First — As to the tax sale. The state or its grantee is not es-topped by the tax sale. The auditor’s tax deed did not attempt to convey any title the state of Ohio had to this land, but simply whatever title the person had to whom the same was charged for taxes, and the doctrine of caveat emptor applies to the purchaser at tax sale, his heirs and assigns in this case. The person to whom the land was charged on the tax duplicate had no title, and none could be conveyed by the auditor. The land was not subject to taxation as the property of the United States.
*94Second — As to the statute of limitations. The statute of limitations does not run as against the United States, or the state. The statute of limitations, however, does apply to the plaintiff, and began to run against it on the third day of April, 1873; but such statute has no application to this case, as it will not be a bar till twenty-one years after April 3, 1873.
Third — The land in question was not subject to location upon a Virginia State Line warrant, and the surveyor in making the survey was a trespasser, without any authority whatever. His act in making the entry and survey was utterly illegal, null and void, and the warrant, entry and survey conferred no title whatever on the owner of the entry and survey.
Fourth — The proviso of the act of March 2,1807, has no application whatever to a case of this kind. It could not protect a survey utterly void, and by ttíat proviso Congress did not intend to clothe the occupant or owner of the survey with any title against the United States or its grantee, but only gave the first locator a pre-emption or right to a new and valid location as against any subsequent locator, as stated by Judge Ranney in Price v. Johnson, 1 Ohio St., on page 397. This right ceased when the district was closed against location, and was of no effect as against the United States, or its grantee.
Fifth — The legal title to this land was in the United States on February 18, 1871, and by the act of that date by the Congress of the United States, ceding lands in Virginia Military District in the state of Ohio, was ceded to the state of Ohio.

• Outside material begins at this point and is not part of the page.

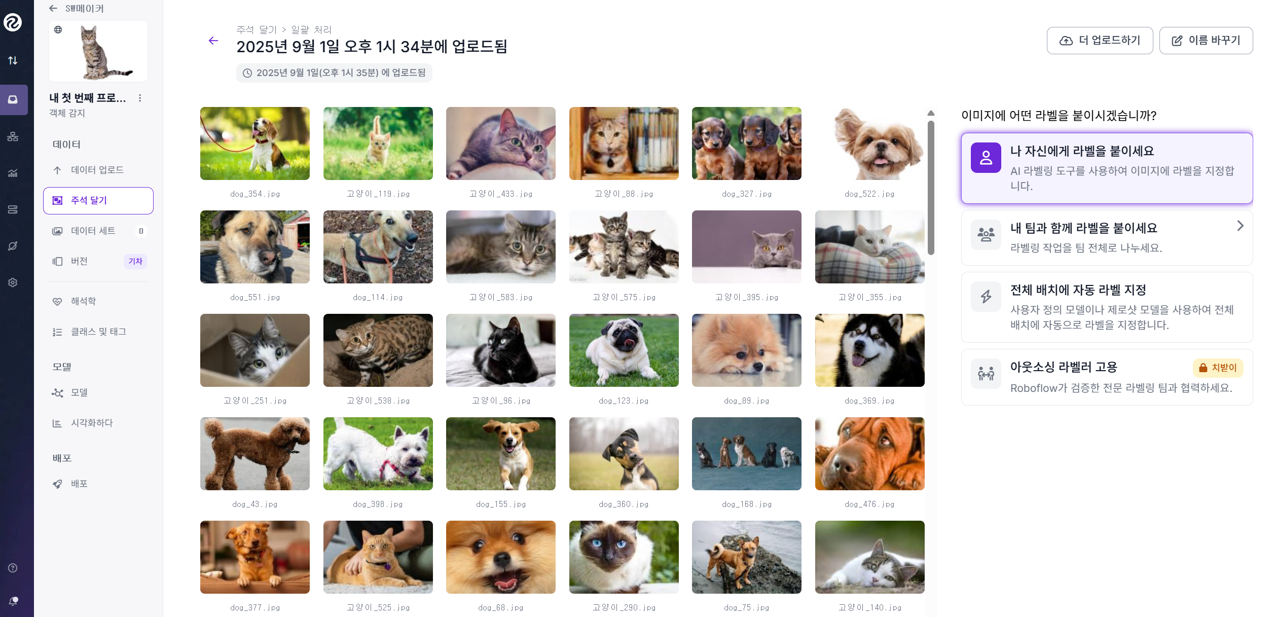 - 상단에 “2025년 9월 1일 오후 1시 34분에 업로드됨” → 이번에 올린 이미지 묶음(배치)의 시간 기록
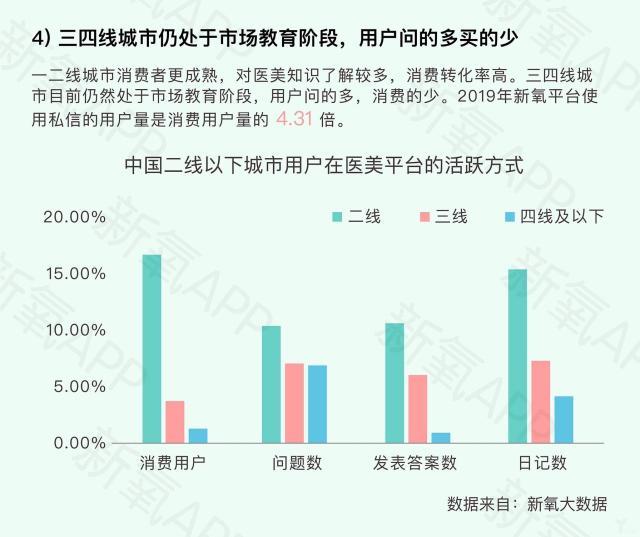 而再往下沉区域看,三四线城市仍处于医美市场教育阶段。数据显示,这一部分用户“问得多,买的少”。在消费用户、问题数、发表答案数、日记数四个指标上,二线城市均遥遥领先。

The legal effect of the act of February 18, 1871, was on the part of the United States to convey to the state of Ohio all the title it had, or could convey, to all lands in the Virginia Military District in the state of Ohio, and the tract in controversy was by this act ceded to the state of Ohio. The only right the defendant in error has, if any, in the land, is that of a bona fide settler, as stated in the act of February, 1871, and he will have the right to pre-empt under that act and under the act of April 3, 1873, of the legislature, if he is in a condition to bring himself within the terms of such pre-emption.
Sixth — The claim that plaintiff could not maintain the suit because it had not caused the land in question to be surveyed, *95numbered, appraised and reported to the Land Department of Ohio, as required by the fourth section of the act of April 3. 1873, is untenable.
N. W. Evans & Duncan Livingstone, of Portsmouth, for plaintiff in error. J. M. Wells & T. J. Mullen, of West Union, for defendants.These duties imposed on the plaintiff by law are not conditions precedent to the vesting of the title in the plaintiff by the state, and do not affect the title of plantiff, or its right to recover herein.
Judgment reversed, and cause remanded to the court of common pleas for a new trial.